Jonathan prese un coltello che stava sullo scrittoio, con esso tagliò il palmo della sua mano, spargendo il sangue sul lenzuolo bianco: «Ora penseranno che l'abbiamo fatto. Buonanotte, Lady Duval.»
Esmeralda si sentì sollevata dal fatto di non dover avere un brutto ricordo dei suoi appena diciott'anni.
Il visconte si era già tolto la camicia e coricato sul letto.
A questo punto, il pensiero di Esmeralda fu uno: «Dove dormirò?».

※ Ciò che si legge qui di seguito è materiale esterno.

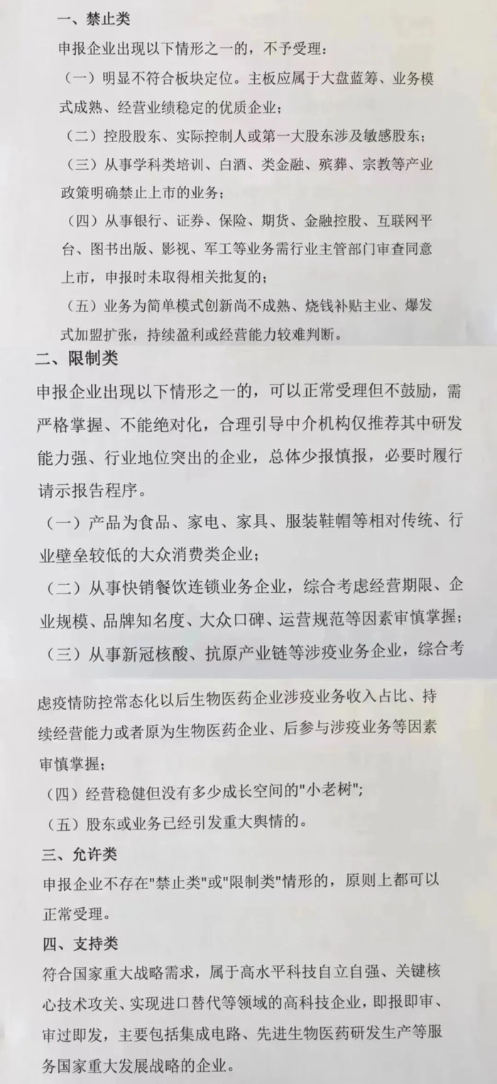 然而,没高兴多久,一则IPO红绿灯行业审核标准细则的消息传出,细则显示,学科类培训、白酒、类金融、殡葬、宗教等禁止上市;食品、家电、快消餐饮、家具、服装鞋帽、涉疫企业等上市受限;集成电路、先进生物医药研发生产等企业获支持,“即报即审、审过即发”。
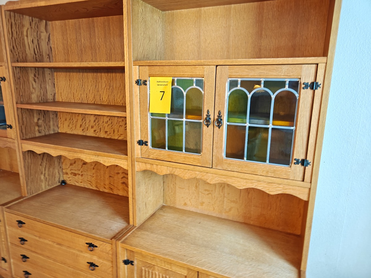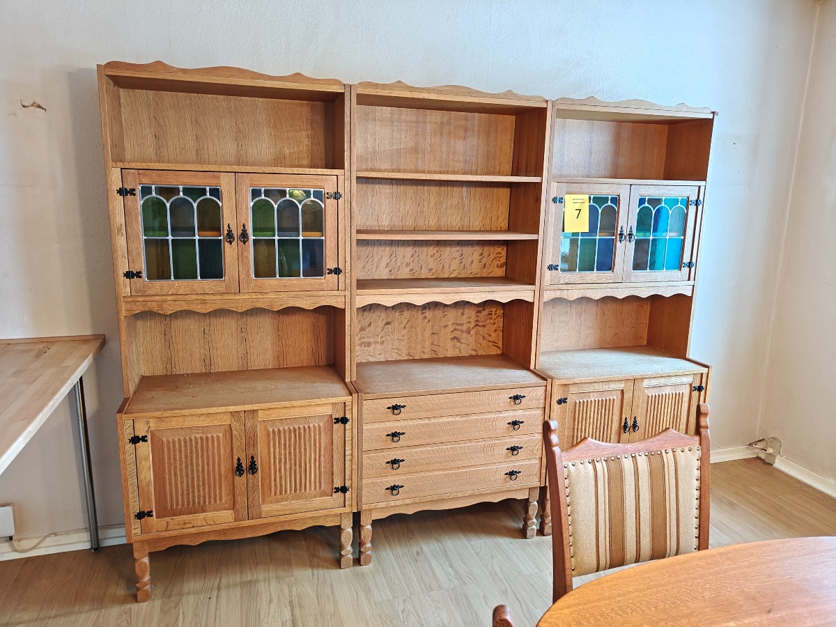 3-fløjet reol af syret eg. 2 af sektionerne med vitrinedel med blyindfattet glas. Mål pr. sektion: H. 180, B. 78, D. 42 cm. Står i rygerhjem.

«Dovreste provare quanto confortevole è il pavimento.»

La duchessa rimase scossa dalla risposta di Jonathan, ma volle comunque tenergli testa: «Vi auguro una buonanotte, My Lord.»

Il mattino seguente, al risveglio di Jonathan, Esmeralda non fu in camera. Dunque, dopo essersi vestito, andò al piano di sotto.
«Madre, dov'è Lady Duval?», chiese.

«Si è svegliata di buon mattino, è andata a fare un giro a cavallo.»

«Meglio così», si affrettò a rispondere.

«Oh, figlio mio, stamani abbiamo visto le lenzuola... sono così contenta per te», esultò e, successivamente, con occhi lucidi e pieni d'orgoglio per il visconte, passò sul volto del figlio la palma della sua mano. Jonathan rimase impietrito e si limitò ad accennarle un leggero sorriso.

«Ti comporti come se fosse stata la sua prima volta, madre», interruppe Edward.

«Ma questa volta è stato con sua moglie».

«Sì, certo... Jonathan, devo parlarti in privato, è una cosa riguardante... il tempo, ti annoieresti da morire, madre».

I due fratelli lasciarono l'immensa stanza per poi recarsi in corridoio.

«Questa notte... accidentalmente, ho origliato ciò di cui tu e la duchessa stavate parlando. Fa' vedere la mano.»

Jonathan gli mostrò la mano sinistra.

«Oh, credevo avessi un ta... mostrami anche l'altra», e questa volta il taglio c'era.

«Non parlarne con nessuno», lo mise in guardia Jonathan.

«Puoi contare su di me, fratello.»

«Lo spero.»

D'improvviso, ad aprire la porta fu Esmeralda che, agli occhi dei ragazzi, parve buffa per via dell'abito infangato e dei capelli arruffati.

«Siete andata a cavallo o avete vinto il premio come miglior norcino?», commentò Jonathan.

Edward tentò di nascondere una risata, ma non riuscì ad evitarla.

«Davvero molto simpatico, Lord Heinrich. Sono caduta da cavallo», si limitò a rispondere. «Con permesso», continuò, lasciando i fratelli da soli e andò al piano di sopra per un bagno.

«Se ogni mattina dovrà essere così, mi dispiace per te, fratello», disse poggiando la sua mano sulla spalla di Jonathan, come di conforto.

«Dispiace anche a me», concordò il visconte.